Poll: 72% of Floridians support red-light cameras


In 2010, Florida joined the national movement of nearly 30 states by enacting the Mark Wandall Traffic Safety Act, Florida’s red light safety camera program. Now, two years later, on the heels of proven, life saving success, Floridian support of the safety cameras laws is at 72%, reflecting unprecedented confidence in its road and community safety benefits. Conducted by the respected national research firm, FrederickPolls, this recent, statistically relevant survey of Floridian voters is consistent with the polling conducted by the St. Petersburg Times in late 2011.

Perhaps most encouraging to road safety advocates: When asked specifically and even after hearing arguments critical of the safety cameras, 67% of Floridians still want to KEEP the red light safety laws in place.  And, this broad, majority confidence crosses all regions, party, age, ethnicity, and philosophical subgroups of the Florida electorate.

“People from Jacksonville to Miami and all points in between, regardless of political party affiliation, know that red light safety cameras prevent injuries and deaths and make intersections safer,” said David Kelly, Executive Director of the National Coalition for Safer Roads. “And as these programs evolve, people are seeing real life-saving results.”

For example, several cities across Florida, from Apopka to North Miami and Miami Gardens, have seen more than a 60% drop in crashes after installing safety cameras. In Temple Terrace, Florida, they experienced a 67% drop in red light running accidents. In Orlando, during its inaugural year of the program, rear end collisions dropped 20%, and there were no fatalities.

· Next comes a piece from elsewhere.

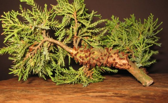 - Escala de enebro: el parásito pertenece a los insectos chupadores, sus larvas se adhieren a las agujas, por lo que se seca y muere;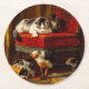 Cat and Kittens Playing with Chair Round Paper Coaster

Of course, Florida law enforcement has been a long time advocate of red light programs as instrumental elements in statewide transportation safety. Hillsborough County is yet another example of what has been occurring across Florida. Hillsborough County Sheriff, David Gee, saw red light running become an epidemic in the county, pointing to more than 800 crashes and three fatalities in just a two year period.  Currently and in tandem with implementation of its red light safety camera program, Hillsborough County has experienced an overall reduction in crashes with injuries at 10 intersections where the cameras were placed.

“I think Floridian support of safety cameras is also bolstered by the recognition that safety cameras offer critical assistance to law enforcement in keeping the broader community even safer,” said Sheriff David Gee, Hillsborough County.    




  1. You should really mention that the NSCR that paid for this poll was created by ATS, receives almost all of it’s funding from ATS and essentially operates as the PR arm of ATS, the largest red light camera company operating in Florida. This is a very one-sided press release and it is important to cite where the information is coming from. Might also be good to mention that Bradenton(which has had red light cameras for over 2 years now) has seen their crashes go UP after red light cameras were installed. There was also a new study done by USF on red light cameras that was just covered by TBO.com on Sunday:


  2. ATS’ can poll all they want, but the fact is that when people go to vote on red light cameras, they always vote them out.

    I wonder why newspapers and blogs even publish such questionable stuff.

  3. In Nov. 2011 there were 8 public referendums regarding red light cameras. 7 of the 8 voted to get rid of the red light cameras. There are currently 8 states that have outlawed redlight cameras and many cities like Houston and Los Angeles and Colorado Springs and many others have gotten rid of them. Florida’s revenue estimating conference says that in 2012 there will be 2.3 million people who get red light tickets in Florida and the revenue will be $190 million dollars. Yet there are no valid statistics that show any significan change in traffic fatalities.

  4. There are very few drivers (including some Police Officers) that execute a stop as presribed by Law. It’s no wonder Law Enforcement is forced to require new technologies in order to keep our roads safe! I obey the Traffic Laws to the best of my ability. If we all did, we wouldn’t need the cameras.